- Born: November 2, 1923 Starkville, Mississippi
- Died: July 12, 1972 (aged 48) Menlo Park, California
- Education: Layton School of Art
- Style: Magic Realism

= John Arthur Yeates =

American artist (1923–1972)

John Arthur Yeates (November 2, 1923 – July 12, 1972) was an American painter, active in Wisconsin and California. A student of Milwaukee artist Karl Priebe, Yeates adopted the Magic Realist style of his teacher, which he often applied to depictions of African American figures.

==Life and career==
John Arthur Yeates was born in Starkville, Mississippi, on November 2, 1923, one of twelve children. His family relocated to Milwaukee, Wisconsin, as part of the Second Great Migration of working-class African American families from the rural US South to the industrial North. Shortly after settling in Milwaukee, Yeates enrolled at the Layton School of Art, notably studying under painter Karl J. Priebe. Focusing on Black life in the city, he displayed some of his works at the Wisconsin Memorial Union, in Madison.
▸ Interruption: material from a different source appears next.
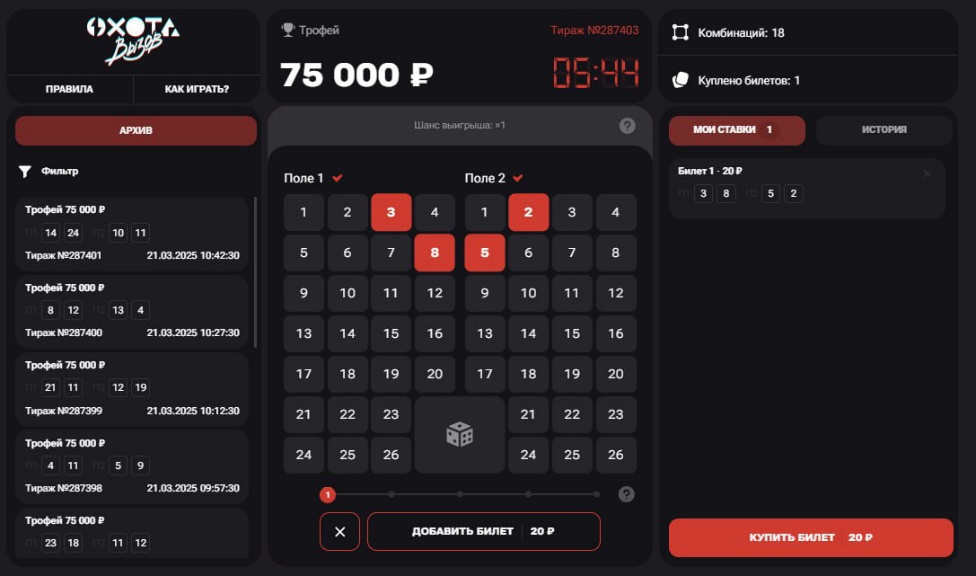 Крупнейший распространитель всероссийских государственных лотерей «Столото» запустил новинку на своем сайте stoloto.ru — еще один дизайн лотереи «Проще, чем дважды два» под названием «Охота. Вызов», для участия в которой участнику необходимо в каждом из двух полей билета выбрать по два числа из 26 и таким образом угадать выигрышную комбинацию.

Upon graduating in 1951, Yeates relocated to Menlo Park, California, where he continued to pursue painting and exhibited his works regularly in the 1950s and 1960s. He also taught for a few years at the People’s Art Center of St. Louis and had a solo exhibition there in 1957.

Yeates died in Menlo Park on July 12, 1972. He was buried in the Odd Fellows Cemetery of Starkville, his birthplace.